Our recent case of National Distillers v. Guthrie, 443 So.2d 354 (Fla. 1st DCA 1984), which also involved a wage-loss claim by a claimant engaged in real estate sales, requires rejection of the E/C's contentions[2]unless the 1983 amendment to § 440.15(3)(b)2 indicates that a different result should be reached.[3] The portion of the statute added by Chapter 83-305, Laws of Florida, is emphasized in the following excerpt from Section 440.15(3)(b)2:
Whenever a wage-loss benefit as set forth in subparagraph 1. may be payable, the burden shall be on the employee to establish that any wage loss claimed is the result of the compensable injury. It shall also be the burden of the employee to show that his inability to obtain employment or to earn as much as he earned at the time of his industrial accident, is due to physical limitation related to his accident and not because of economic conditions or the unavailability of employment.
This court's interpretation of the amended section in City of Clermont v. Rumph, 450 So.2d 573 (Fla. 1st DCA 1984), is relevant. There, the employer and carrier argued that the amendment precludes an award of wage-loss benefits unless a claimant establishes that economic conditions do not affect his employability. We rejected that construction of the statute as amended and held:
We construe the amendment, instead, as precluding an award of wage loss benefits when predicated solely on economic considerations unrelated to a claimant's physical limitations by ordinary proximate cause standards. We further read the amendment as emphasizing the requirement that claimant shall present evidence indicating that the compensable physical limitation is a contributing causative factor in the wage loss claimed. Claimant's initial burden under the amended language, therefore, is to present evidence, by job search when appropriate, which reasonably permits a conclusion that the compensable physical limitation was an element in the causal chain resulting in or contributing to the wage loss.
Id. at 576.
We hold that there was competent substantial evidence in the instant case indicating that claimant's compensable physical limitation was a contributing causative factor in the wage loss claimed. The claimant's present employment in the real estate business, instead of the kind of regular income job he had with the employer, is attributable to his disability. It was established by the previous 1980 unappealed order that the claimant was, by reason of his permanent impairment, unable to continue *593 performing the kind of work for which he had training and experience, that it was necessary for him to submit to education and training in another field of endeavor and that real estate sales was a reasonable avenue for the claimant to pursue.
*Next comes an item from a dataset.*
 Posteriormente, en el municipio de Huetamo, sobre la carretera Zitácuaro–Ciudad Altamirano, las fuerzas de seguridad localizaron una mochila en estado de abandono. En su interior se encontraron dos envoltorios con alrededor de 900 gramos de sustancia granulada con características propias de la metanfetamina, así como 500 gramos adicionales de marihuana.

And the 1980 order, therefore, required the E/C to reimburse the claimant for his expenses in obtaining his real estate license. Further, the testimony clearly shows that the claimant has conscientiously and enthusiastically pursued his new vocation over the past several years and his earnings therefrom have steadily increased as a consequence of his efforts.
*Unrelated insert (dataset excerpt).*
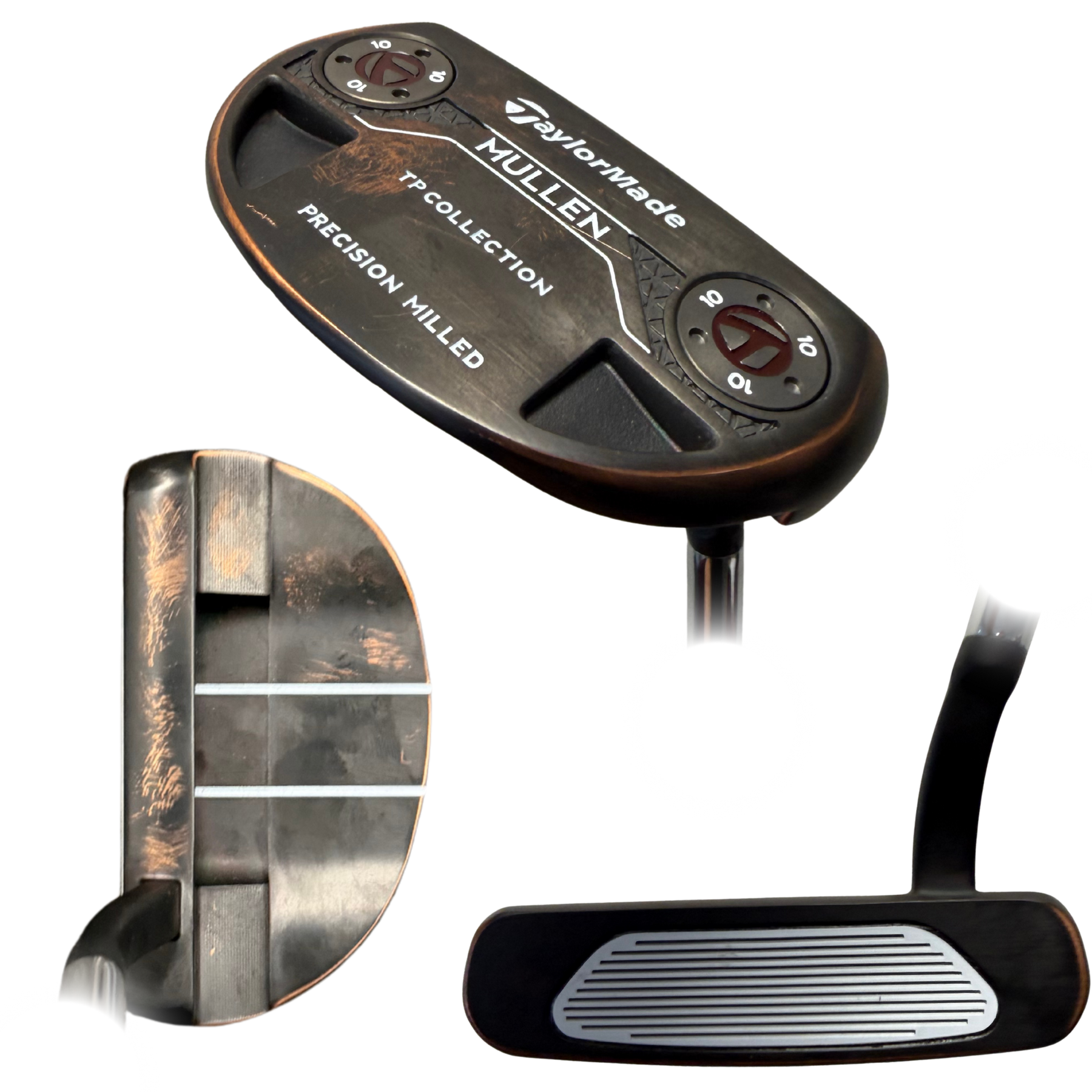 NEW TaylorMade Tour Issued Aged Copper Finish Mullen Putter, Flow Neck, 35in with matching headcover

The E/C does not contend that the claimant failed to put forth reasonable diligence in his efforts to sell real estate during the months in question when his earnings were meager. In fact, the evidence is undisputed that the claimant devoted full time and considerable effort in connection with his real estate sales work. It has not been shown that claimant limited his income or declined appropriate employment that was more lucrative.